Both nvme_dump_command and nvme_qpair_print_command print nvme
commands. The former latter better. Recode the one call to
nvme_dump_command to use nvme_qpair_print_command and delete the
former. No sense having two nearly identical routines. A future commit
will convert to sbuf.

Sponsored by: Netflix
Reviewed by: chuck, mav, jhb
Differential Revision: https://reviews.freebsd.org/D41309


# 6f76d493 07-Aug-2023 Warner Losh <imp@FreeBSD.org>

nvme: Remove duplicate completion printing routine

Both nvme_dump_completion and nvme_qpair_print_completion print
completions.

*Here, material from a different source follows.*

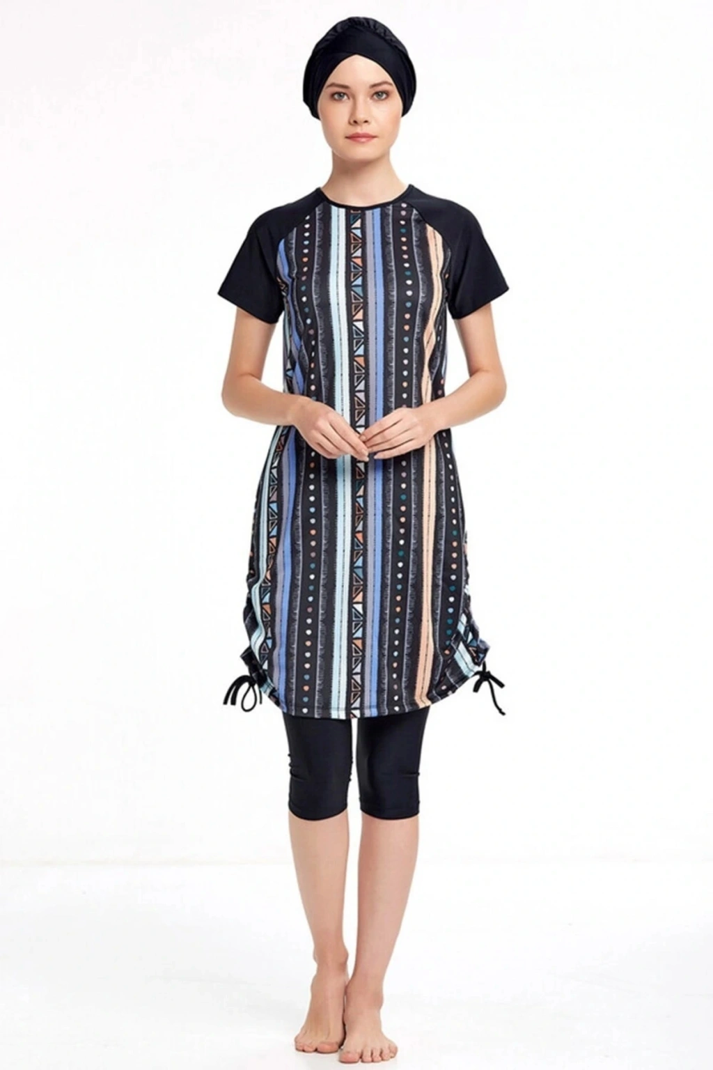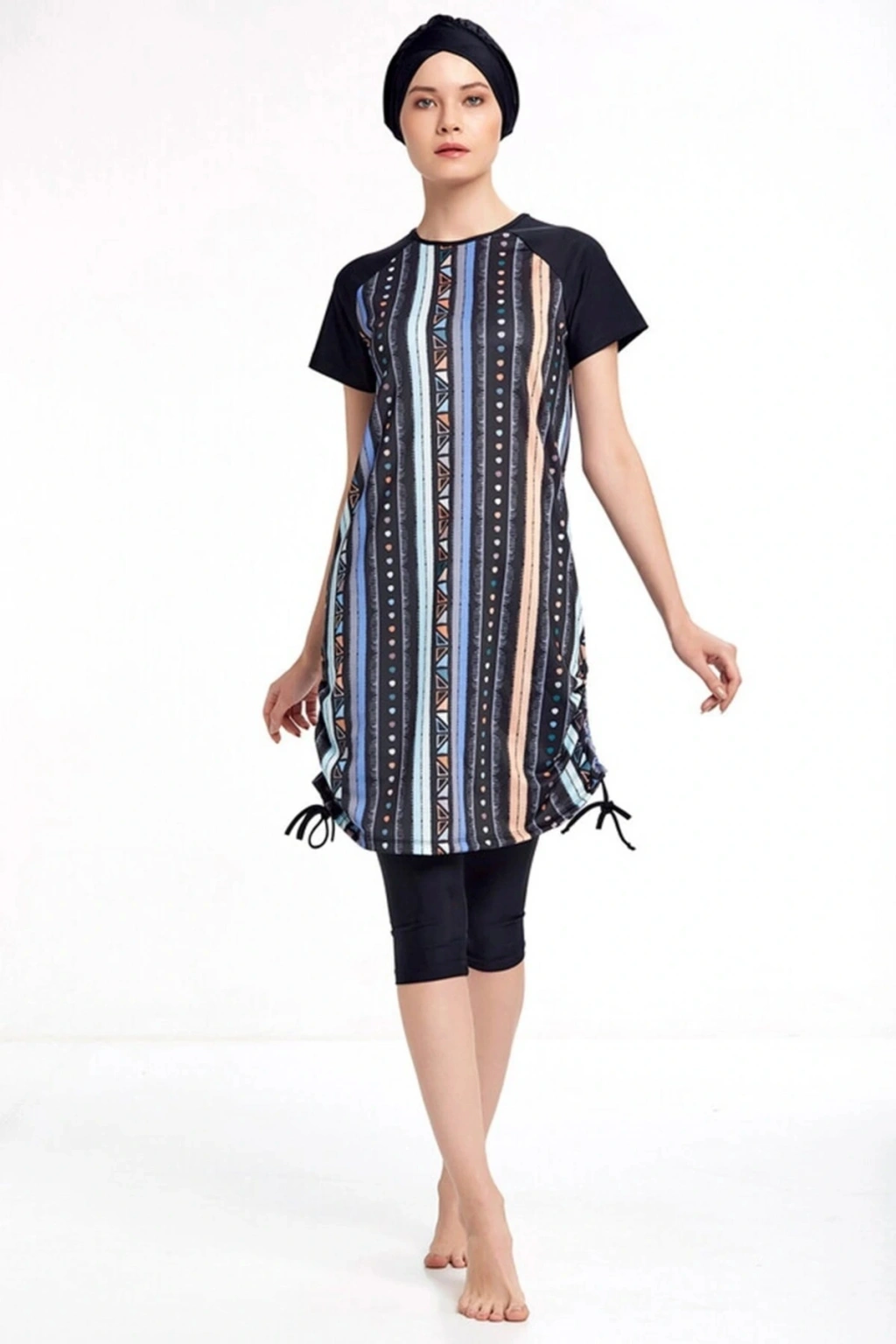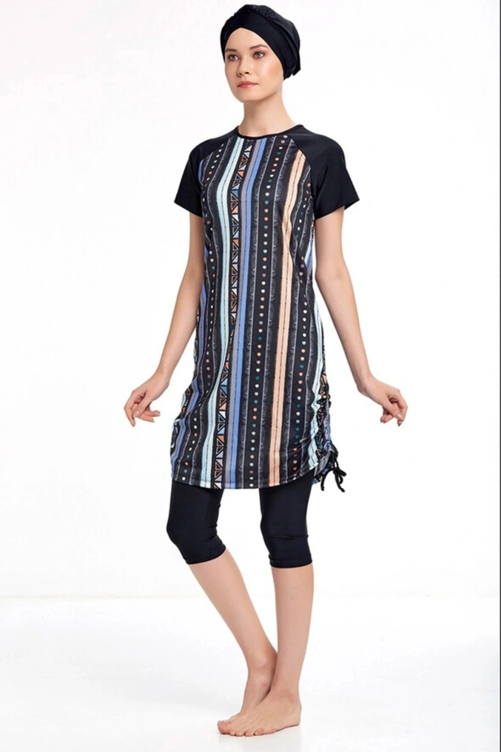Adasea Likralı Yarı Kapalı Kısa Kollu Tesettür Mayo 3409 Siyah Adasea yarı kapalı mayo kısa kollu üst, kısa tayt ve bone olmak üzere 3 parçadan oluşmaktadır. Rahat kesimi ile kaçlarınızı örten üstü renkli tasarıma sahiptir. Mayo üstünün alt kenar kısmında bulunan lastikler ile zevkinize göre kısaltma yapabilirsiniz. Standart düz renk büyük beden yarı kapalı mayo modellerinin aksine hareketli tasarıma sahip büyük beden yarı kapalı mayo modeli arayanlar için kurtarıcı bir parçadır. Ürün oldukça ince ve hafiftir. Hava akışını sağlayan yapısıyla terletme yapmaz. Ürünü uzun ömürlü kullanmanız için yıkama talimatlarına uymanızı tavsiye ederiz. Ürün Bilgileri: Adasea Likralı Yarı Kapalı Mayo 3409 ilkbahar - yaz koleksiyonumuzda beğeninize sunuldu. Adasea Likralı Yarı Kapalı Mayo 3409 ürün içeriği; %80 polyester, %20 elastan likralı 1. kalite kumaştan üretilmiştir. Setimiz; - Üst - Alt - Bone Üretiminde sağlığa zararlı hiçbir materyal kullanılmamıştır. TESETTÜR MAYO UZUN ÖMÜRLÜ KULLANIM ÖNERİLERİ Mayonuzu her kullanım sonrası elle ılık su ve beyaz sabun ile yıkayınız.; Güneş kremi yağı, güneş sütü vb. tüm kozmetiklerden arındığına emin olunuz.; Mayonuzu yıkarken çamaşır makinesi, sıcak su, deterjan, çamaşır suyu ve diğer ağartıcı temizlik maddelerini kullanmayınız.; Kuru temizleme işlemi yaptırmayınız.; Birden fazla renklileri ıslak olarak bekletmeyiniz.; Direkt güneş ışığında değil gölgede ve tersinden sererek kurutunuz.; Ütülemeyiniz.; Üretim yeri: Türkiye BEKLEMEK YOK ANINDA KARGOYA VERİLİR.

The latter is better. Recode the two instances of
nvme_dump_completion to use nvme_qpair_print_completion and delete the
former. No sense having two nearly identical routines. A future commit
will convert this to sbuf.

Sponsored by: Netflix
Reviewed by: chuck
Differential Revision: https://reviews.freebsd.org/D41308


# bdc81eed 12-Jun-2023 Warner Losh <imp@FreeBSD.org>

nvme: Switch to nda by default

We already run nda by default on all the !x86 architectures. Switch the
default to nda. nda created nvd compatibility links by default, so this
should be a nop. If this causes problems for your application, set
hw.nvme.use_nvd=1 in your loader.conf.

Sponsored by: Netflix


# 4d846d26 10-May-2023 Warner Losh <imp@FreeBSD.org>

spdx: The BSD-2-Clause-FreeBSD identifier is obsolete, drop -FreeBSD

The SPDX folks have obsoleted the BSD-2-Clause-FreeBSD identifier. Catch
up to that fact and revert to their recommended match of BSD-2-Clause.

Discussed with: pfg
MFC After: 3 days
Sponsored by: Netflix


# 161fcf79 29-Mar-2022 Warner Losh <imp@FreeBSD.org>

nvme: Publish the drive's capabilities

Add cap_lo and cap_hi sysctl to each nvme drive. This publishes the raw
capabilities of the drive. Now we can only discover these with
bootverbose.

Sponsored by: Netflix


# 5f8ccf65 30-Nov-2021 Gordon Bergling <gbe@FreeBSD.org>

nvme(4): Correct a typo in a sysctl description

- s/printting/printing/

MFC after: 3 days


# 587aa255 28-Sep-2021 Warner Losh <imp@FreeBSD.org>

nvme: count number of ignored interrupts

Count the number of times we're asked to process completions, but that
we ignore because the state of the qpair isn't in RECOVERY_NONE.

Sponsored by: Netflix
Reviewed by: mav, chuck
Differential Revision: https://reviews.freebsd.org/D32212


# 7d5eebe0 28-Sep-2021 Warner Losh <imp@FreeBSD.org>

nvme: Add sanity check for phase on startup.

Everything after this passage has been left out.